Only thing left to check is the counts on the year and gender columns. Below we see everything is looking good. Time to do some EDA!
Exploratory Data Analysis (EDA)
Distribution Change - 10 Year
The below code helps us understand how the BMI has changed over the decades. As we can see the distribution starts to move to right, meaning on average we have a higher BMIs than our 1975 counterparts. Very interesting to see the constant dip in the middle range of BMIs.
# Distribution Every 10 Years
sns.distplot(df2[df2.year=='1975'].BMI,hist=False,label='1975')
sns.distplot(df2[df2.year=='1985'].BMI,hist=False,label='1985')
sns.distplot(df2[df2.year=='1995'].BMI,hist=False,label='1995')
sns.distplot(df2[df2.year=='2005'].BMI,hist=False,label='2005')
sns.distplot(df2[df2.year=='2016'].BMI,hist=False,label='2016')
plt.title('BMI Distribution through the Years',size=20)
plt.legend(bbox_to_anchor=(1.05, 1), loc=2, borderaxespad=0.2, fontsize = 'x-large')
plt.show()
We see a similar distribution change with the viola charts that we use to see differences between both sexes, males, and females. We do see a larger BMI distribution with females than males.
data_temp=df2[df2.year.isin(['1975','1985','1995','2005','2016'])]
g = sns.FacetGrid(data_temp, row = 'gender', col = 'year', hue = 'gender')
g = g.map(sns.violinplot, 'year', 'BMI')
plt.show()
Top 10 Countries based on BMI
data_temp1=df3[df3.year.isin(['1975','1985','1995','2005','2016'])]
g = sns.FacetGrid(data_temp1, col = 'year', sharey=False)

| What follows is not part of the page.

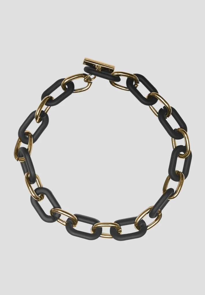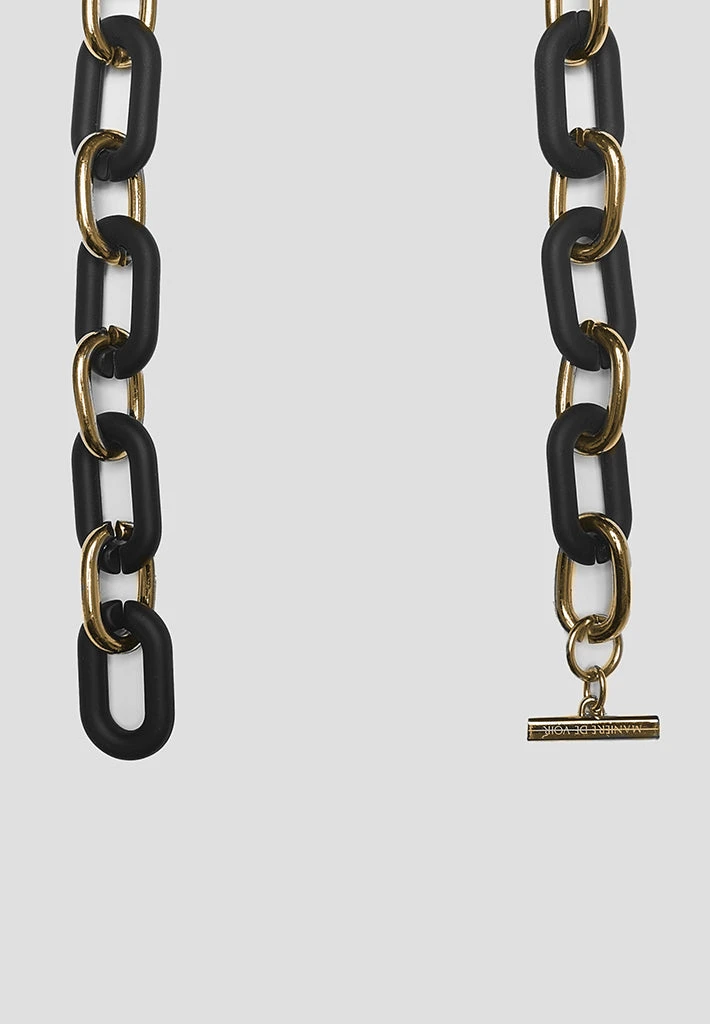 For jewellery that makes a statement, the Matte & Gold Necklace ticks all boxes. With interlocked matte resin and gold chains, this clean and classic design will set well on all kinds of necklines and looks great paired with the matching Matte & Gold Bracelet & Matte & Gold Earrings.

g = g.map(sns.barplot, 'BMI', 'country')
plt.show()
The visual above doesn’t change much over the decades. Seems rather misleading as although I can understand per capita these Polynesian/Micronesian islands may have higher BMI, other countries have increased much over the decades. Below I created a Gif from a Tableau graph using this data to visualize some of the other countries we see increases. As we can imagine, USA and Australia are high but also some middle eastern countries like Egypt and Saudi Arabia.
Final Thoughts
This was a good project to practice some data cleaning on Python which was something I wanted to incorporate in my future projects. I think as an American, sometimes we make assumption about the world and although I’ve known about our obesity problems. It was helpful to get dirty and visualize to truly see what is going on in the world. I never thought of the Middle East having a higher BMI than some Western European countries. Having family in Chile and Argentina, it’s interesting to see their BMIs being slightly higher than the rest of South American countries. From experience I know they have a diet that revolved around white bread and grilled meats. As we can see China and India have lower BMIs, countries where they eat slightly more vegetarian diets. I believe other factor can be attributing to these numbers, such as lack of healthy food options or higher poverty. I think as all things we need moderation and maybe eating some more veggies with that grilled steak!
Note: I did load this data and join it with another dataset, countries of the world, which I use to add regions, population, and other demographics to other data. In this case, we really couldn’t use much of the information since I decided to keep it simple. I will add the code, dataset, and the uploaded dataset used in Tableau.